The test started at an easy pace and my thoughts wandered to the slopes of Crested Butte Mountain and the idea that it would be free to ski.
I was asked at intervals what my exertion level was on a level of one to 20, one being no stress and 20 being redlined.
Cruising at a one for a while I wondered how this would really test me as I gazed at a motivational poster of Steve Prefontaine, the University of Oregon distance runner.
It was then that I found out how the test really works as Drum mentioned increasing the pace on the treadmill.
Immediately I was at an eight.
Quiggle proceeded with a blood test in an effort to determine my lactate threshold. Let’s just say I’m lactate intolerant.
The pace increased again and I was at 12 and when he ramped up the pace once more I was hitting 20 and then some. The technicians started shouting and everything got a little dark.
"Pulse rate 180!" yelled one.
"Pulse rate 187!" soon after.
"Bring it down, bring it down!" screamed one of the technicians and that was the last thing I heard before I hopped off the treadmill fearing pulmonary explosion.
Apparently, the VO2 test on the treadmill is designed to last 10 to 15 minutes. I made it exactly eight minutes and 47 seconds.
While in "warm down," i.e. sitting and smoking, Quiggle took my blood pressure and we spoke of getting on the stationary bike for a similar test specific to biking.

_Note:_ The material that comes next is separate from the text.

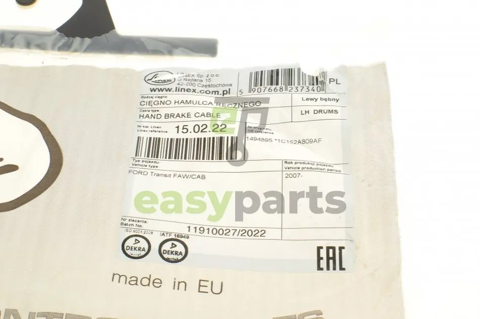 Трос ручника (L) Ford Transit 2.0/2.4DI/2.4TDCi 00-06 (1650/1353 мм) LINEX 15.02.22

I gave it a quick go at an easy pace just to see but decided enough was enough and called it good. When the lab results were printed Drum stated, "You have the VO2 level equivalent to the girls’ cross-country runners."
Pretty damn good considering the WSC girls team has some national championships to their credit.
My lactate threshold and everything else were documented on the computer and printed out to me for consultation with Drum and Dayton.
Dayton explained that there was hope for me yet based on my results and just when the humility of the tests had me thinking of packing it in for good, Dayton said I’ve got a good base to work with.
While the tests are somewhat sport specific to running and biking, the lab will soon add a six-foot by eight-foot treadmill to their burgeoning batch of equipment in an effort to conduct Nordic skiing tests as well, a sport that I hear is pretty popular in these parts.
In addition, Drum hopes to further expand their testing capabilities to accommodate its use by disabled athletes.
As for me, my training regimen is under way and I am currently involved in preparation for the upcoming Free Ski season. Drum suggested that I return to the HAPLab mid-season to see if I’ve improved, we’ll see about that.
As for Free Ski, I’ll see all of you up there to lap up the strip on the mighty RLX, that’s the Red Lady Express. And if you see this guy from the Trose—you’ll know him when you hear him—tell him I’m looking for him.